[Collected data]
:::::

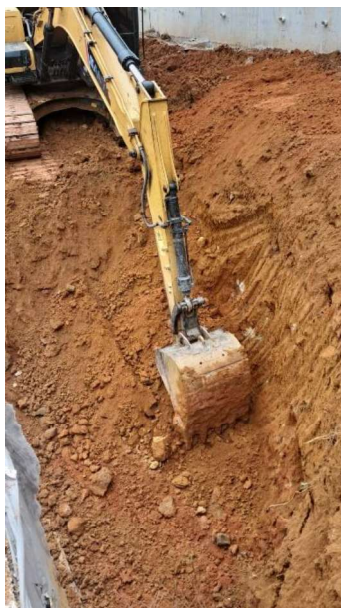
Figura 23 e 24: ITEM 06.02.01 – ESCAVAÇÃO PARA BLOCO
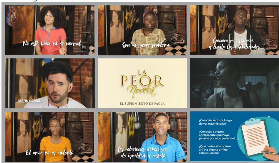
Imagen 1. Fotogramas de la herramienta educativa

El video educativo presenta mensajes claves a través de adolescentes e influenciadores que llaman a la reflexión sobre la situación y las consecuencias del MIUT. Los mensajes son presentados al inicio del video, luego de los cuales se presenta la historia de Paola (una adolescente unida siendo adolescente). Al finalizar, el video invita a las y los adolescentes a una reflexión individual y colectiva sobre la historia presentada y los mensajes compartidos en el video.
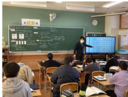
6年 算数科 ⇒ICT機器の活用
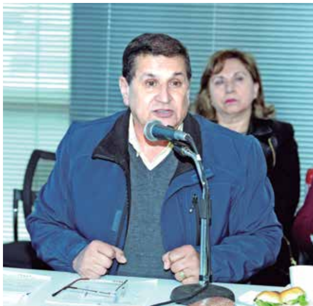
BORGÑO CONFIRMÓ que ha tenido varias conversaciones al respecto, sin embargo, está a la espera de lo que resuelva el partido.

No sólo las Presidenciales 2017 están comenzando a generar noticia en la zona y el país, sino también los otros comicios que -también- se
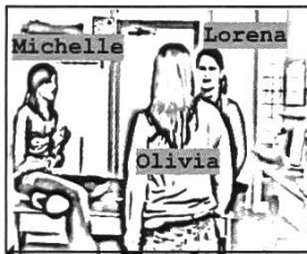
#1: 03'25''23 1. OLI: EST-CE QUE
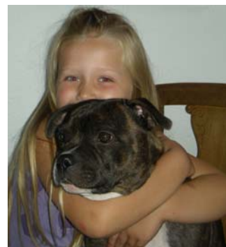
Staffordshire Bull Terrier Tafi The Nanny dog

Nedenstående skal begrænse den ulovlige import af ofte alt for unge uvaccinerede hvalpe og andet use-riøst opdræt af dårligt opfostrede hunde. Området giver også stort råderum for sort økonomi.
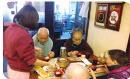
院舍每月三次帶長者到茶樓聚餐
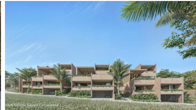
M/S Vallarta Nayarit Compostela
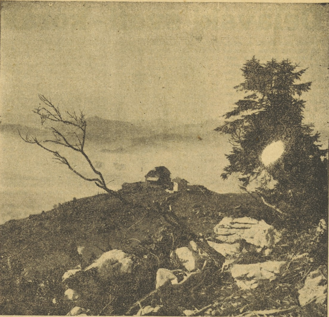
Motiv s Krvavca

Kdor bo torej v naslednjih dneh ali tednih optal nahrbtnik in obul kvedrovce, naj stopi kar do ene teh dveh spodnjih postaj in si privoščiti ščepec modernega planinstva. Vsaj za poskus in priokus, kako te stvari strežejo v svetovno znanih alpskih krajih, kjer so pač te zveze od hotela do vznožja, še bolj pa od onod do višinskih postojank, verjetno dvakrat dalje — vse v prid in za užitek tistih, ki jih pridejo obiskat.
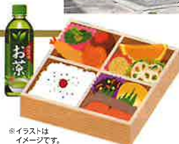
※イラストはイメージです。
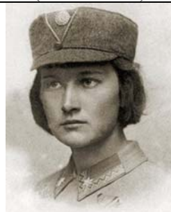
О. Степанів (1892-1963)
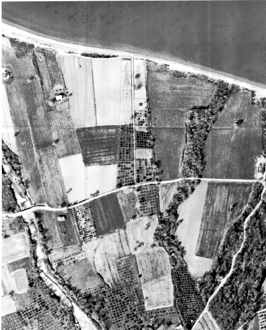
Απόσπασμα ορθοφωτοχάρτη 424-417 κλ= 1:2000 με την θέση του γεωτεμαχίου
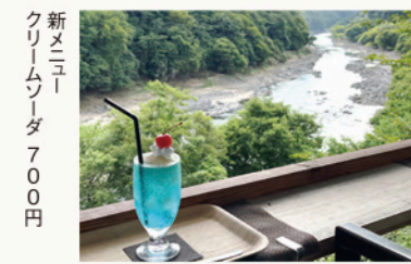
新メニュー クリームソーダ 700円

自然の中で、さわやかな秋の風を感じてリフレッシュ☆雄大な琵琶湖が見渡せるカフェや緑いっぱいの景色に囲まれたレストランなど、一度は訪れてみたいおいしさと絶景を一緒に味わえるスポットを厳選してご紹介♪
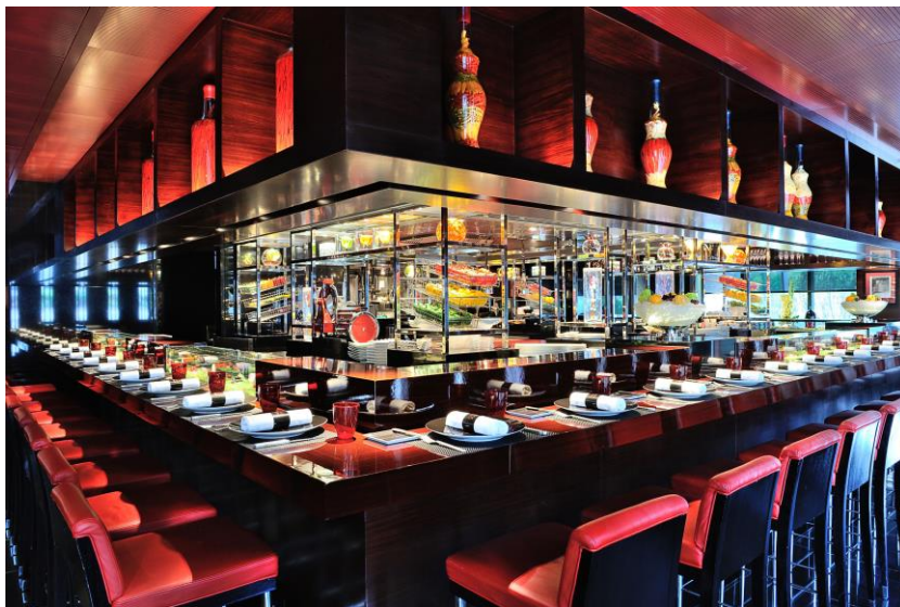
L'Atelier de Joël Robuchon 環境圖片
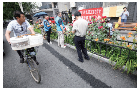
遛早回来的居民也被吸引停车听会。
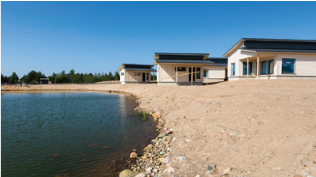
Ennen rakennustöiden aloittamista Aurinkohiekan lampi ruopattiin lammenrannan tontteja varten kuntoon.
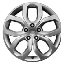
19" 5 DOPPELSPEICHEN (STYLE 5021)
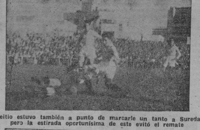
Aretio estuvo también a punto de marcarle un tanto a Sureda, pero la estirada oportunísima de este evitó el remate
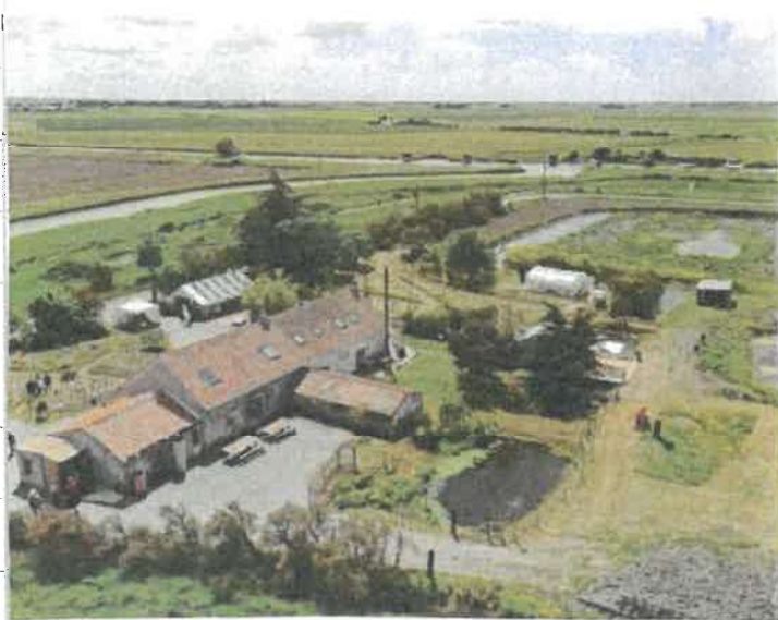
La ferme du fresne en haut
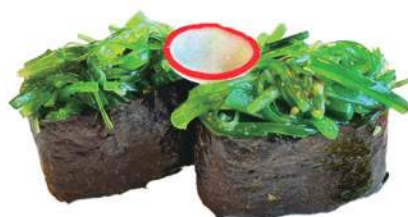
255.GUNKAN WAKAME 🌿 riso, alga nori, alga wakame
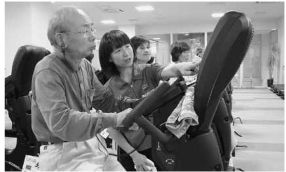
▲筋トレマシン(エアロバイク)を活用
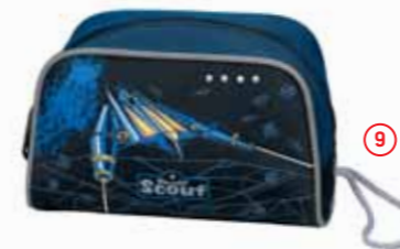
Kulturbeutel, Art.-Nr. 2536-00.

:::::

◆ Task objective ◆
Could you copy every line from the records that has "también" in it?

◆ Finished exercise ◆
No sólo las Presidenciales 2017 están comenzando a generar noticia en la zona y el país, sino también los otros comicios que -también- se
Aretio estuvo también a punto de marcarle un tanto a Sureda, pero la estirada oportunísima de este evitó el remate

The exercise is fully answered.